It’s not unusual to hear me muttering under my breath each time I visit my mailbox. Receiving countless pieces of advertising junk mail, I have become immune to the countless offers that arrive uninvited.
So I have a hard question to ask my fellow marketers. Is direct mail really the best way to reach your audience? Or, do people think of it mostly as junk -- part of a propaganda game bought into by advertisers and perpetuated by the United States Postal Service to keep the system afloat?
According to a recent BusinessWeek cover story by Devon Leonard, The U.S. Postal Service Nears Collapse, “with the rise of e-mail and the decline of letters, mail volume is falling at a staggering rate, and the postal service's survival plan isn't reassuring. Elsewhere in the world, postal services are grappling with the same dilemma -- only most of them, in humbling contrast, are thriving.”
As the article explains, “European countries are on a viable course for the future while the US is not,” according to James I. Campbell Jr., a consultant in Potomac, Md., who advises foreign governments on postal policy issues.
For example, the article explains that some countries’ postal organizations have intelligently redesigned their mail infrastructure with an eye towards the future, allowing them to capitalize on the latest technologies. Case in point -- Sweden’s Posten has an app that customers can use to turn the digital photos on their cell phones into postcards. Posten is also unveiling a service that will allow cell-phone users to send letters without traditional postage for a specific charge by opting-in to receive a text message with a numerical code that they can jot down on envelopes in place of a stamp.
Similarly, as the article further illustrates, Swiss Post lets customers choose if they want their mail delivered at home in hard copy or scanned and sent to their preferred Internet-connected device. Customers can also tell Swiss Post if they would rather not receive items such as junk mail.
With the increasing popularity of SMS technology and mobile text marketing, people have become more and more accustomed to a heightened level of choice and personalization – and this phenomena is one of which marketers should be aware, even if the USPS has yet to acknowledge this fact.
In an age where digital communications and sensitivities to eco-friendliness are increasing, it seems that conducting a bulk mail campaign might just not be as effective as it once was.
That is unless you conduct a multi-channel marketing campaign that allows for cross-channel messaging. For example, what if you were to include an invitation for consumers to receive ongoing discounts from you simply by using the reader on their mobile phone to scan the Quick Response (QR) Code that you printed on the mailer? Then you might also find yourself increasing your mobile database as well as boosting response rates and sales – and at the same time reducing the number of mailers you’ll need to send out.
That might also smooth over things a bit for people like me who view each piece of paper that they toss in the recycle bin as a waste of time and energy. It might also provide greater ROI for an increasing number of my fellow marketers who are finding that text messaging services now offer a better way to reach their target markets.

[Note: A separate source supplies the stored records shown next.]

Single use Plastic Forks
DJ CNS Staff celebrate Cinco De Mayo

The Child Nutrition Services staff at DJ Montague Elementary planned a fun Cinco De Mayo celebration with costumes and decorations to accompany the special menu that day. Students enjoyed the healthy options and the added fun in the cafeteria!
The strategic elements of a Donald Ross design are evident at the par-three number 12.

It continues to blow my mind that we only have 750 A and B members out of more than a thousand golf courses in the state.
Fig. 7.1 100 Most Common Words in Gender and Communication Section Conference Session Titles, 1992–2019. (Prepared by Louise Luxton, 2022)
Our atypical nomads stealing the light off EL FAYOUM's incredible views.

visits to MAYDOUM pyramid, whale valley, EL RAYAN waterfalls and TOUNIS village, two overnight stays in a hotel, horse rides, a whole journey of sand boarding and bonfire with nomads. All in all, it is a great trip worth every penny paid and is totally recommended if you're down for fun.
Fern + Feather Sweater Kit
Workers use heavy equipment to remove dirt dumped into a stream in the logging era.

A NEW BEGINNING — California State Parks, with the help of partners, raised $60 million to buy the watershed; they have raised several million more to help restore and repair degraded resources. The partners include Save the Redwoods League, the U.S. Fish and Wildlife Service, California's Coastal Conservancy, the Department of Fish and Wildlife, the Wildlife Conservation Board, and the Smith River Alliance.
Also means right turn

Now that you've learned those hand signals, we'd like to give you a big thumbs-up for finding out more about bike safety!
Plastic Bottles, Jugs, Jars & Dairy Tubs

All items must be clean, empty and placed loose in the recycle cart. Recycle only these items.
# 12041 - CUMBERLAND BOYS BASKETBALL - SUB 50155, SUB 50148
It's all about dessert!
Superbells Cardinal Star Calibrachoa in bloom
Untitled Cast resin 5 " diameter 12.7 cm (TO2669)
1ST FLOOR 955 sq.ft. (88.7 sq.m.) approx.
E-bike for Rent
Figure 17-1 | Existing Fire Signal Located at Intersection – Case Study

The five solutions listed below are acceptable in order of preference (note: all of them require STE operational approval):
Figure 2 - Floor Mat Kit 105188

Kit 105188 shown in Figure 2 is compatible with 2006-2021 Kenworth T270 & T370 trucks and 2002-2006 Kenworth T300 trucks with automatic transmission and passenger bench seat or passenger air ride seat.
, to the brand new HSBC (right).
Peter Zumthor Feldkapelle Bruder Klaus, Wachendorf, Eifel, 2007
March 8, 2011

In the past four years, we’ve entered a brave new world – one where companies of all sizes need to be cost-effective with their marketing dollars and highly targeted with every campaign that they launch.
This is good for people like me who hate junk mail but not such cheery news for the USPS. Since the onset of the recession, “total mail volume has plunged 20 percent from 2006 to 2010,” reports Leonard.
Smart organizations are realizing that consumers are increasingly using SMS text and their mobile phones as a key connector for every facet of their lives – whether that means paying the bills, keeping up to date with activities at their children’s school, receiving reminders about the next church function or sending important letters and other correspondence.
It’s these very same organizations who are also realizing that there really is value in conducting an integrated, multi-channel campaign. Using solutions like Trumpia’s All-In-One Multi-Channel Messaging and Marketing platform to conduct a highly orchestrated, synergistic campaign via SMS text, email, IM, social media channels and voice broadcast, marketers can keep pace with the type of interactions consumers have already come to expect from their friends, colleagues, work associates and communities.
If only the USPS would follow suit. Who knows, the world of junk mail just might reinvent itself.